**The task**
Would you please repeat, word for word, only the lines from the one holding "Piggy Craft metal" through the one holding "im August 2016" in the material below, without the pictures?

**Exercise material**

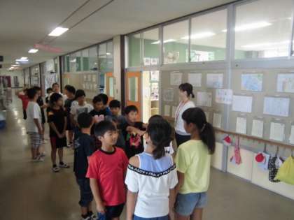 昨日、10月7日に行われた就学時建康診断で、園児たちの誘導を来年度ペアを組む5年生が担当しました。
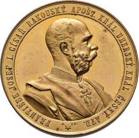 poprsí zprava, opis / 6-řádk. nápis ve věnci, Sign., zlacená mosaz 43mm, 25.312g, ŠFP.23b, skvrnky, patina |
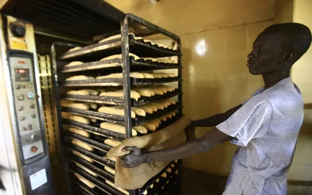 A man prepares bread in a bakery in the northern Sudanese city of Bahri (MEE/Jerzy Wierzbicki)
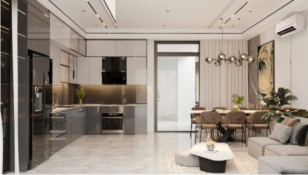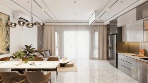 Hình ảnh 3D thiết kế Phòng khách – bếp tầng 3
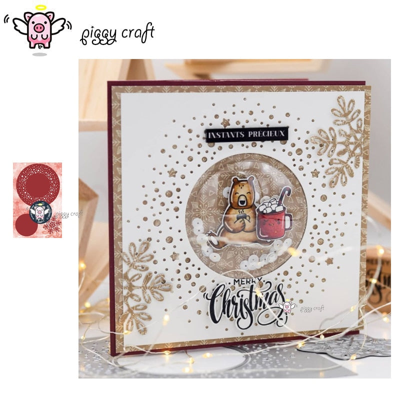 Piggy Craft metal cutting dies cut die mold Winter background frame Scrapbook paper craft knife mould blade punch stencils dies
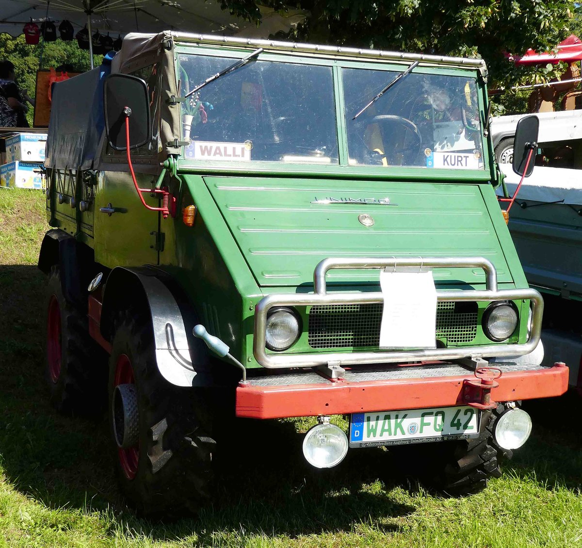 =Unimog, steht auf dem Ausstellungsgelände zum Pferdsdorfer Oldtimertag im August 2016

--

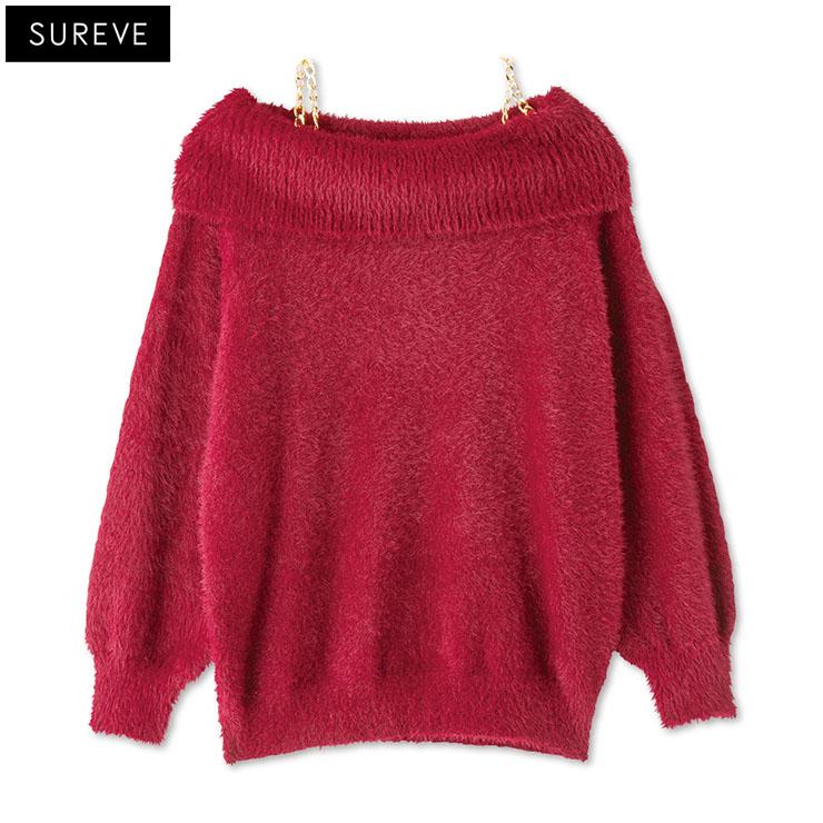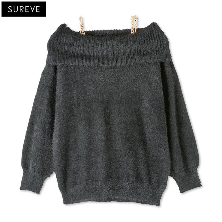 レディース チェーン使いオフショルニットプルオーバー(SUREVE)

---

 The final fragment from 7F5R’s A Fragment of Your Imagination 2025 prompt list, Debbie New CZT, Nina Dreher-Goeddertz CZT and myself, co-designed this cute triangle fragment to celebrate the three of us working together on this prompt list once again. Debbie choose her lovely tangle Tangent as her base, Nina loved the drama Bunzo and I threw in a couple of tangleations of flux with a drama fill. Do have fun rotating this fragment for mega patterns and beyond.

**Exercise result**
 Piggy Craft metal cutting dies cut die mold Winter background frame Scrapbook paper craft knife mould blade punch stencils dies
 =Unimog, steht auf dem Ausstellungsgelände zum Pferdsdorfer Oldtimertag im August 2016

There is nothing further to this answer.